Siempre me ha parecido algo pueril esa disputa entre los partidarios de Antonio Machado y los de Jiménez. Dos grandes poetas en sus estilos respectivos, tan distintos, pero que se respetaban tanto como desdeñarían a sus epígonos de hoy, ramplones y sentenciosos versificadores de un lado, del otro divos y divas que se creen tocados por los dioses en cualquier cosa que escriben a solas con sus espejos.

Para dejar clara su importancia en la poesía mundial del siglo XX ha escrito Juan José Lanz su libro Juan Ramón Jiménez y el legado de la Modernidad, publicado por Anthropos. Lanz, profesor de literatura española en la Universidad del País Vasco (donde, en los años del plan Ibarretxe, algunos quisieron suprimir la Filología Hispánica, a pesar de sus muchos alumnos) y amigo de Extremadura, donde ha venido unas cuantas veces (la última, para el congreso Transversales, organizado en Cáceres en 2016) sitúa a Juan Ramón como “el poeta español más representativo y europeo de la primera mitad del siglo XX” en diálogo con lo mejor de la poesía occidental de su época.

En nuestra sociedad postmoderna de redes, horizontal y sin ningún centro salvo el que señale el cursor en la pantalla, cuando un verso de Juan Ramón o un cuadro de Goya están al mismo nivel que una ocurrencia de Pepito o un vídeo de gatitos, a muchos resultará ajena la enorme ambición que los fundadores de la literatura moderna pusieron en la palabra. Juan Ramón vivió solo para la poesía, algo que si pudiera parecer envidiable, no lo es para quien sufre por la insuficiencia de la lengua para expresar lo que siente. En la articulación de su libro, Lanz se basa en la propia confesión del poeta: “Tres veces en mi vida, a mis 19, a mis 33, a mis 49 años, salí de mi costumbre lírica conseguida a explorar con el ánimo libre el universo poético. Tres revoluciones íntimas, tres renovaciones propias, tres renacimientos míos”.

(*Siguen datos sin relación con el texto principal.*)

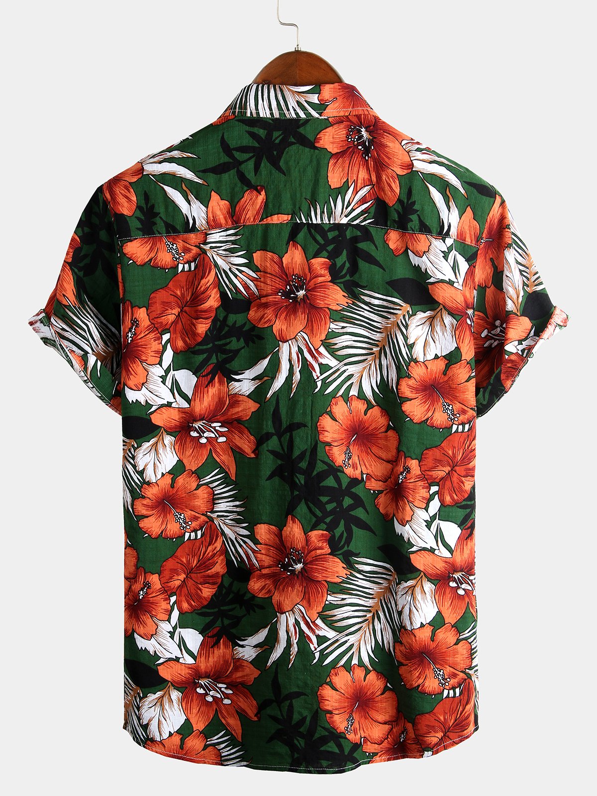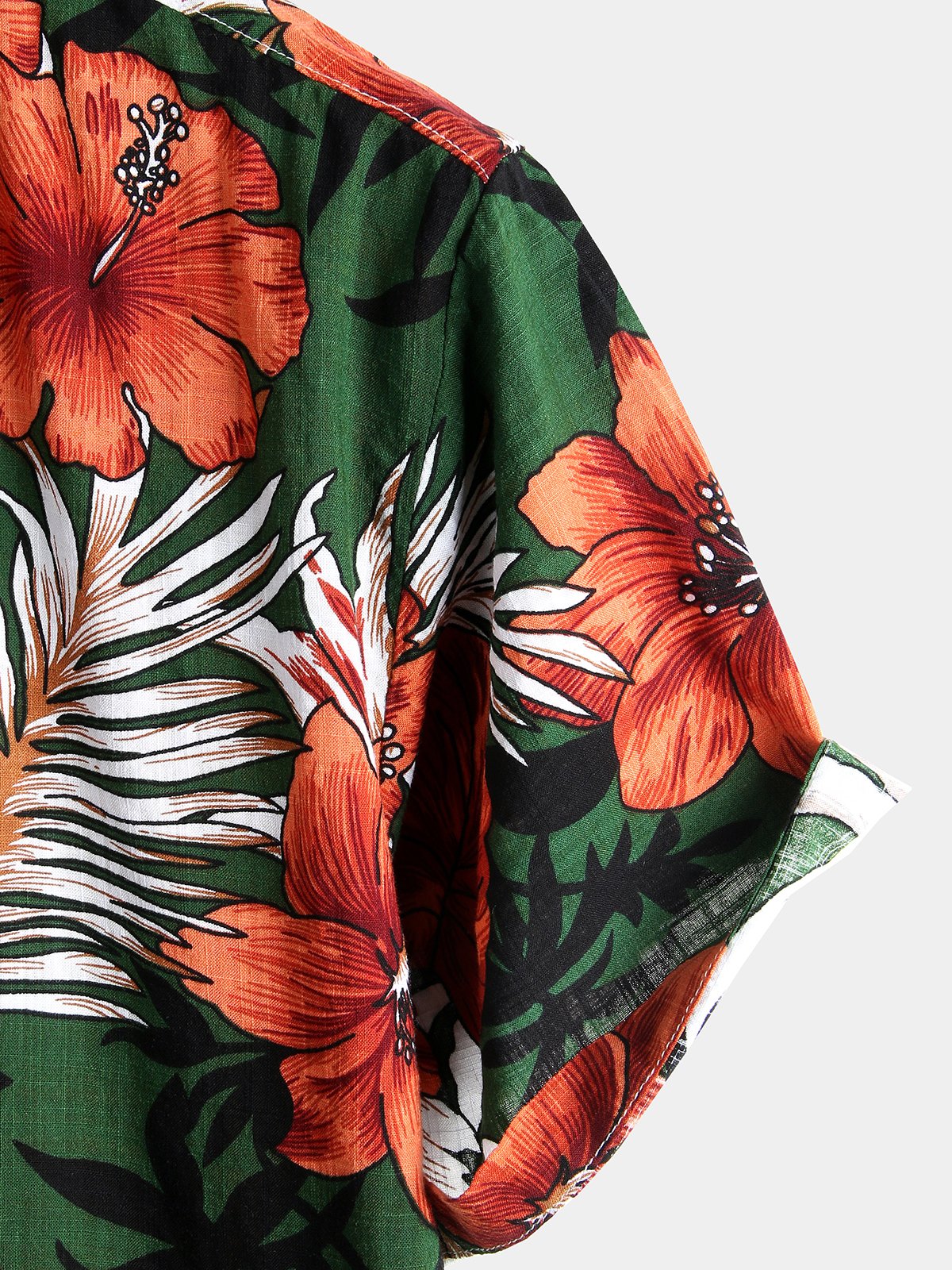 Men's Hawaiian Tropical Plant Floral Print Cotton Short Sleeve Shirts

Lanz expone con detalle la aportación de Juan Ramón, tan amplia que, sin su obra, la poesía española del siglo XX es inimaginable. Si Rubén Darío trajo la musicalidad, el de Moguer depuró como nadie la representación de la intimidad. Del impresionismo de sus inicios pasó a la poesía pura, desnuda, que suscitará años después la reacción de la “poesía impura” de Pablo Neruda. En el exilio, sus obras magnas Tiempo y Espacio dialogan con la ciencia y la filosofía coetáneas.

Lanz dedica uno de sus últimos capítulos a su influencia en la poesía de postguerra. Es lástima que no avanzara más en la cronología: a tenor de lo que se observa, por ejemplo con los poemas que escogen para desarrollar actividades mis alumnos, la obra mínima de Jaime Gil de Biedma es hoy mucho más popular que la ambición de Juan Ramón. Es más fácil medirse con la pequeñez impostada del barcelonés que con la altura, algo altiva, del andaluz.